What is expected →
Pictures should be left out while the data beneath this task is written out word for word.

Records provided →
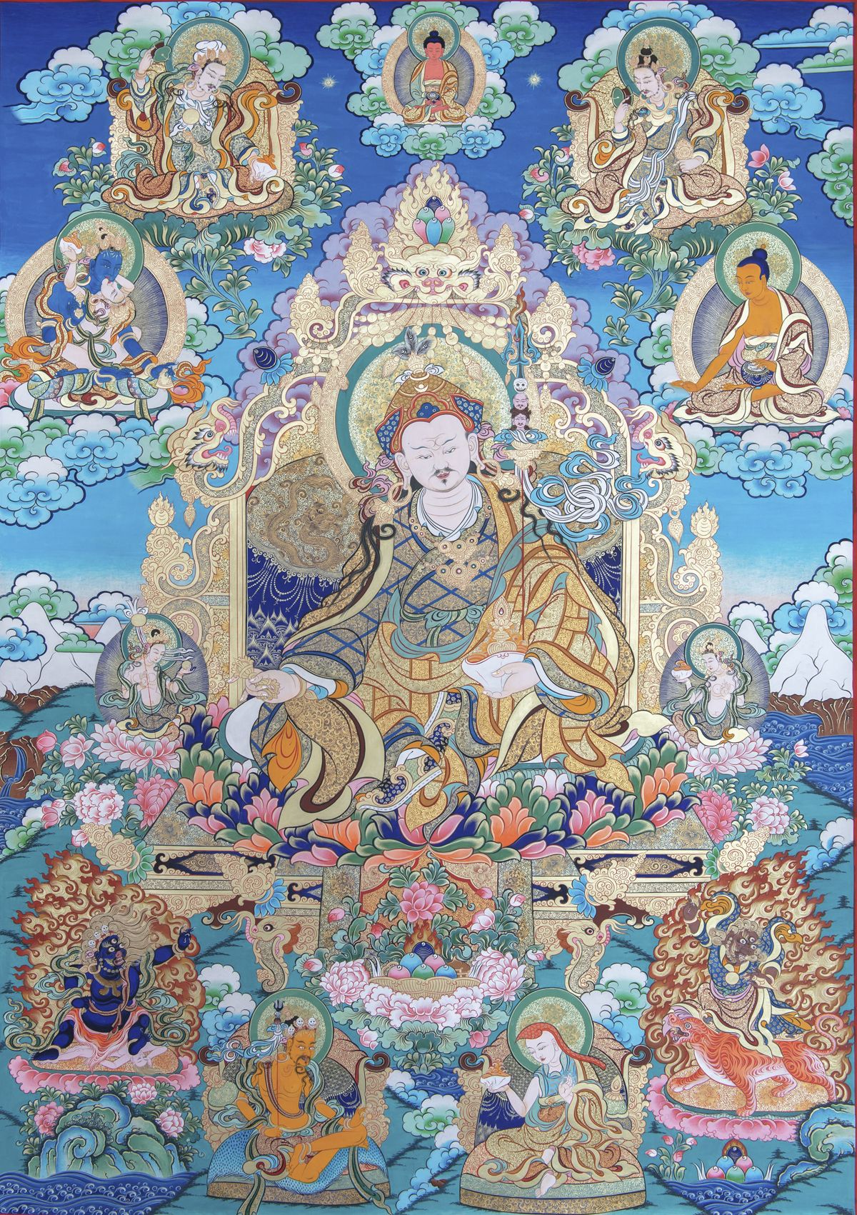 蓮花生大師,印度佛教史上最偉大的大成就者之一。公元八世紀(jì),應(yīng)藏王赤松德贊迎請(qǐng)入藏弘法,成功創(chuàng)立了西藏第一座佛、法、僧三寶齊全的佛教寺院——桑耶寺。他教導(dǎo)藏族弟子學(xué)習(xí)譯經(jīng),從印度迎請(qǐng)無垢友等大德入藏,將重要顯密經(jīng)論譯成藏文,創(chuàng)建顯密經(jīng)院及密宗道場(chǎng),開創(chuàng)了在家出家的兩種圣者應(yīng)供軌范,如是等等,奠定了西藏佛教的基礎(chǔ)。藏傳佛教尊稱他為咕汝仁波切(意為大寶上師)、鄔金仁波切(烏仗那寶)。通稱貝瑪迥乃(蓮花生)。據(jù)多羅那他于1610年所著《蓮花生傳》所載,約于摩揭陀國天護(hù)王時(shí)出生于鄔金國王族。圣誕日:藏歷六月初十。
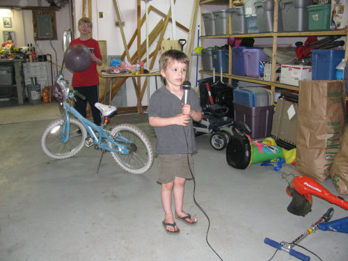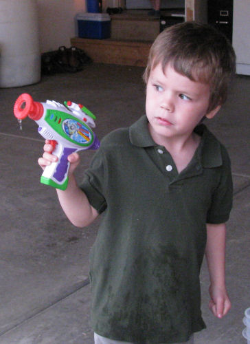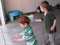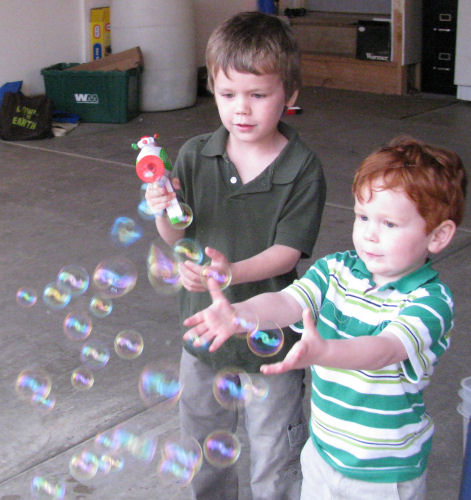 Brendan and Owen playing with the Bubble Gun from Grandpa Terry and Grandma Kathy
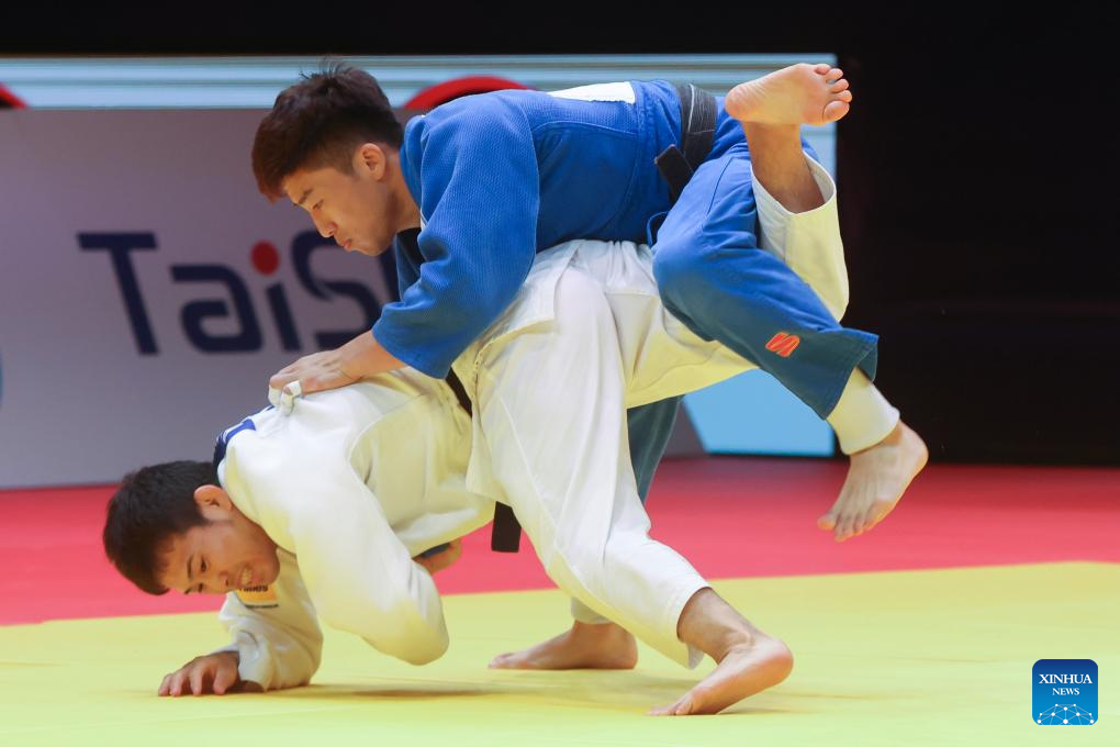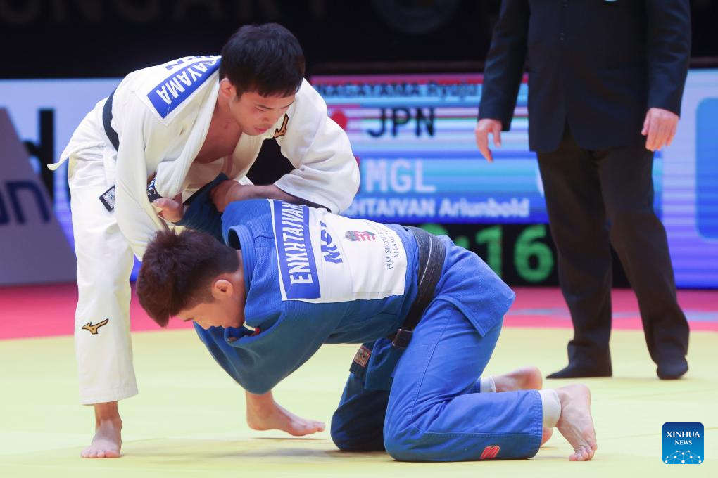Nagayama Ryuju (L) of Japan competes with Ariunbold Enkhtaivan of Mongolia during the men's -60kg final at the Judo Hungary Masters 2023 in Budapest, Hungary on Aug. 4, 2023. (Photo by Attila Volgyi/Xinhua)
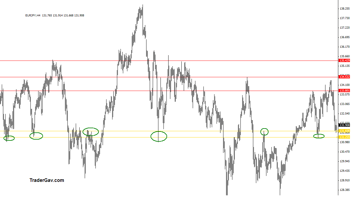 We had a nice sell off at the resistance level. Now, things are getting more interesting. EURJPY has fallen back to previous support area. Let’s see if we can catch some bounces here. What do you think? Here is the 4-hr chart.
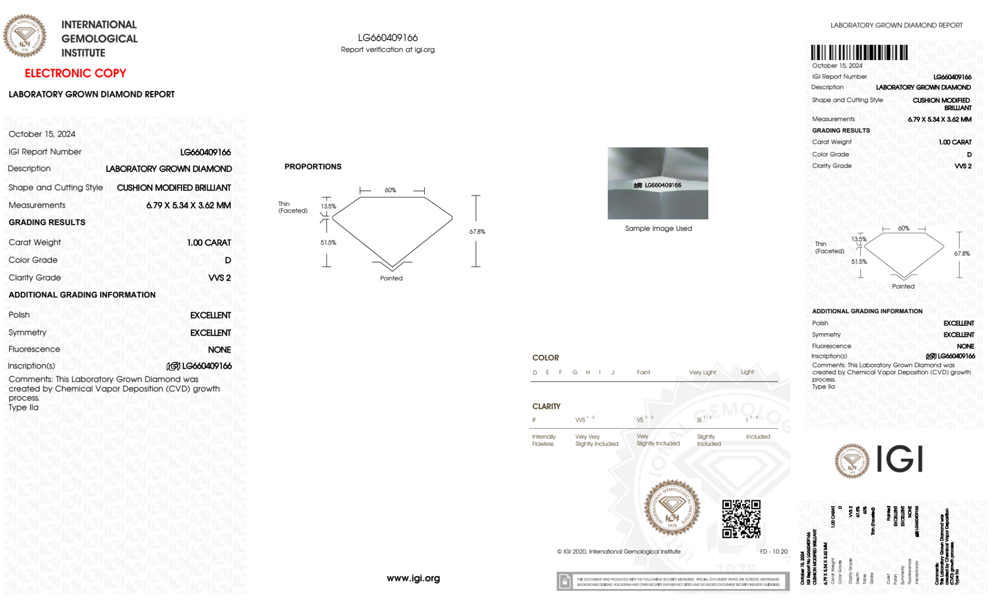 Your 1.00 carat Cushion lab diamond is graded D color (Colorless), and you can read more about D color diamonds here.
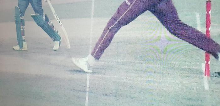 বাংলাদেশকে ১৯১ রানের লক্ষ্য দিয়ে ওয়েস্ট ইন্ডিজ দ্বিতীয় ওভারে রান আউট করেন তামিমকে। তৃতীয় ওভারে সৌম্য সরকার স্ট্রাইকে থেকে মারতে না পারলেও শেলডন কট্রেল অতিরিক্ত রান দিলেন দুটি ওয়াইড ও একটি নো বলে। ওই ওভারে মাত্র ৫ রান নেওয়ার ক্ষতি পরের ওভারে পুষিয়ে নিতে শুরু থেকে মারকুটে ছিলেন লিটন। প্রথম বলে কভার দিয়ে একটি ছয় মারেন তিনি, দ্বিতীয় বলে রান না নিলেও পরেরটি চার। পঞ্চম বলে আরও একটি বাউন্ডারি হাঁকান লিটন, যদিও সেটি ছিল নো বল। রিপ্লেতে দেখা যায় থমাসের পা ছিল দাগে। এনিয়ে মাথা ঘামায়নি উইন্ডিজ। ফ্রি হিটে ছক্কা মারেন বাংলাদেশি ওপেনার। শেষ বলটি থমাস ওয়াইড দেন। আরও একবার থমাসের বল পেয়ে উড়িয়ে মারেন লিটন, ধরা পড়েন মিড অফে। কিন্তু আবারও নো বল, ওভার স্টেপিং। যদিও রিপ্লেতে দেখা গেছে থমাসের পা ছিল দাগেই।
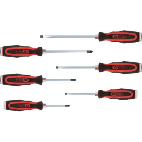 1 kép KS Tools Csavarhúzó készlet, lapos + PH, kétkomponensű nyél 6 részes 3FL+3PH, üthető
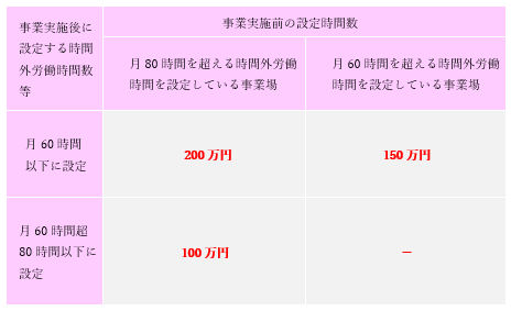 現在の残業時間が60時間以下という事業所が多いと思いますが、そういった事業所では昨年よりも助成される金額が半分になってしまいます。
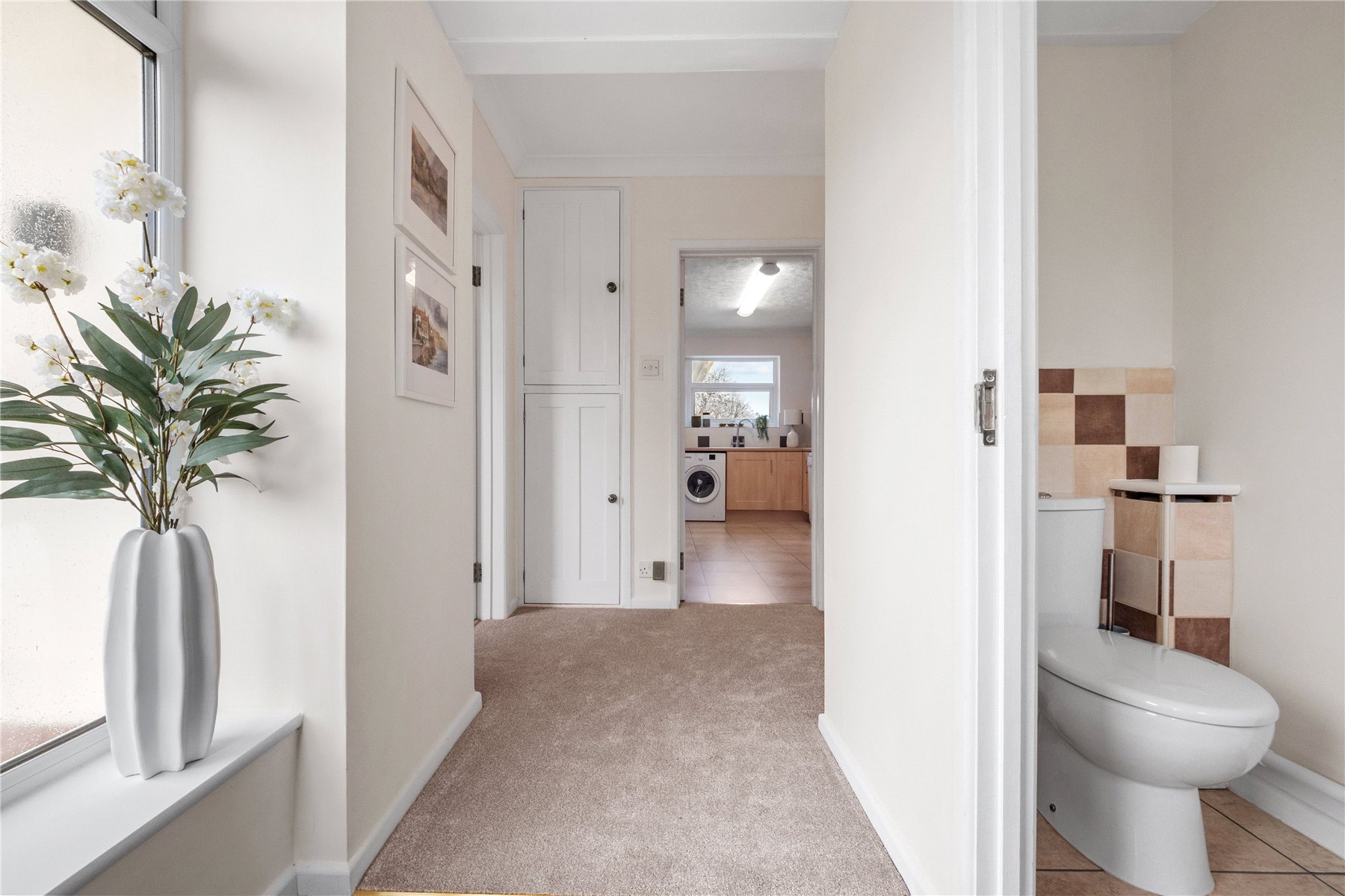 The property is entered via a welcoming ENTRANCE HALL which provides access to the principal rooms and immediately conveys the sense of light and balance found throughout the home. Discreetly positioned adjacent to the front door is a CLOAKROOM fitted with a wash hand basin and W.C., offering useful convenience for residents and visitors alike.

Answer area →
 蓮花生大師,印度佛教史上最偉大的大成就者之一。公元八世紀(jì),應(yīng)藏王赤松德贊迎請(qǐng)入藏弘法,成功創(chuàng)立了西藏第一座佛、法、僧三寶齊全的佛教寺院——桑耶寺。他教導(dǎo)藏族弟子學(xué)習(xí)譯經(jīng),從印度迎請(qǐng)無垢友等大德入藏,將重要顯密經(jīng)論譯成藏文,創(chuàng)建顯密經(jīng)院及密宗道場(chǎng),開創(chuàng)了在家出家的兩種圣者應(yīng)供軌范,如是等等,奠定了西藏佛教的基礎(chǔ)。藏傳佛教尊稱他為咕汝仁波切(意為大寶上師)、鄔金仁波切(烏仗那寶)。通稱貝瑪迥乃(蓮花生)。據(jù)多羅那他于1610年所著《蓮花生傳》所載,約于摩揭陀國天護(hù)王時(shí)出生于鄔金國王族。圣誕日:藏歷六月初十。
 Brendan and Owen playing with the Bubble Gun from Grandpa Terry and Grandma Kathy
Nagayama Ryuju (L) of Japan competes with Ariunbold Enkhtaivan of Mongolia during the men's -60kg final at the Judo Hungary Masters 2023 in Budapest, Hungary on Aug. 4, 2023. (Photo by Attila Volgyi/Xinhua)
 We had a nice sell off at the resistance level. Now, things are getting more interesting. EURJPY has fallen back to previous support area. Let’s see if we can catch some bounces here. What do you think? Here is the 4-hr chart.
 Your 1.00 carat Cushion lab diamond is graded D color (Colorless), and you can read more about D color diamonds here.
 বাংলাদেশকে ১৯১ রানের লক্ষ্য দিয়ে ওয়েস্ট ইন্ডিজ দ্বিতীয় ওভারে রান আউট করেন তামিমকে। তৃতীয় ওভারে সৌম্য সরকার স্ট্রাইকে থেকে মারতে না পারলেও শেলডন কট্রেল অতিরিক্ত রান দিলেন দুটি ওয়াইড ও একটি নো বলে। ওই ওভারে মাত্র ৫ রান নেওয়ার ক্ষতি পরের ওভারে পুষিয়ে নিতে শুরু থেকে মারকুটে ছিলেন লিটন। প্রথম বলে কভার দিয়ে একটি ছয় মারেন তিনি, দ্বিতীয় বলে রান না নিলেও পরেরটি চার। পঞ্চম বলে আরও একটি বাউন্ডারি হাঁকান লিটন, যদিও সেটি ছিল নো বল। রিপ্লেতে দেখা যায় থমাসের পা ছিল দাগে। এনিয়ে মাথা ঘামায়নি উইন্ডিজ। ফ্রি হিটে ছক্কা মারেন বাংলাদেশি ওপেনার। শেষ বলটি থমাস ওয়াইড দেন। আরও একবার থমাসের বল পেয়ে উড়িয়ে মারেন লিটন, ধরা পড়েন মিড অফে। কিন্তু আবারও নো বল, ওভার স্টেপিং। যদিও রিপ্লেতে দেখা গেছে থমাসের পা ছিল দাগেই।
 1 kép KS Tools Csavarhúzó készlet, lapos + PH, kétkomponensű nyél 6 részes 3FL+3PH, üthető
 現在の残業時間が60時間以下という事業所が多いと思いますが、そういった事業所では昨年よりも助成される金額が半分になってしまいます。
 The property is entered via a welcoming ENTRANCE HALL which provides access to the principal rooms and immediately conveys the sense of light and balance found throughout the home. Discreetly positioned adjacent to the front door is a CLOAKROOM fitted with a wash hand basin and W.C., offering useful convenience for residents and visitors alike.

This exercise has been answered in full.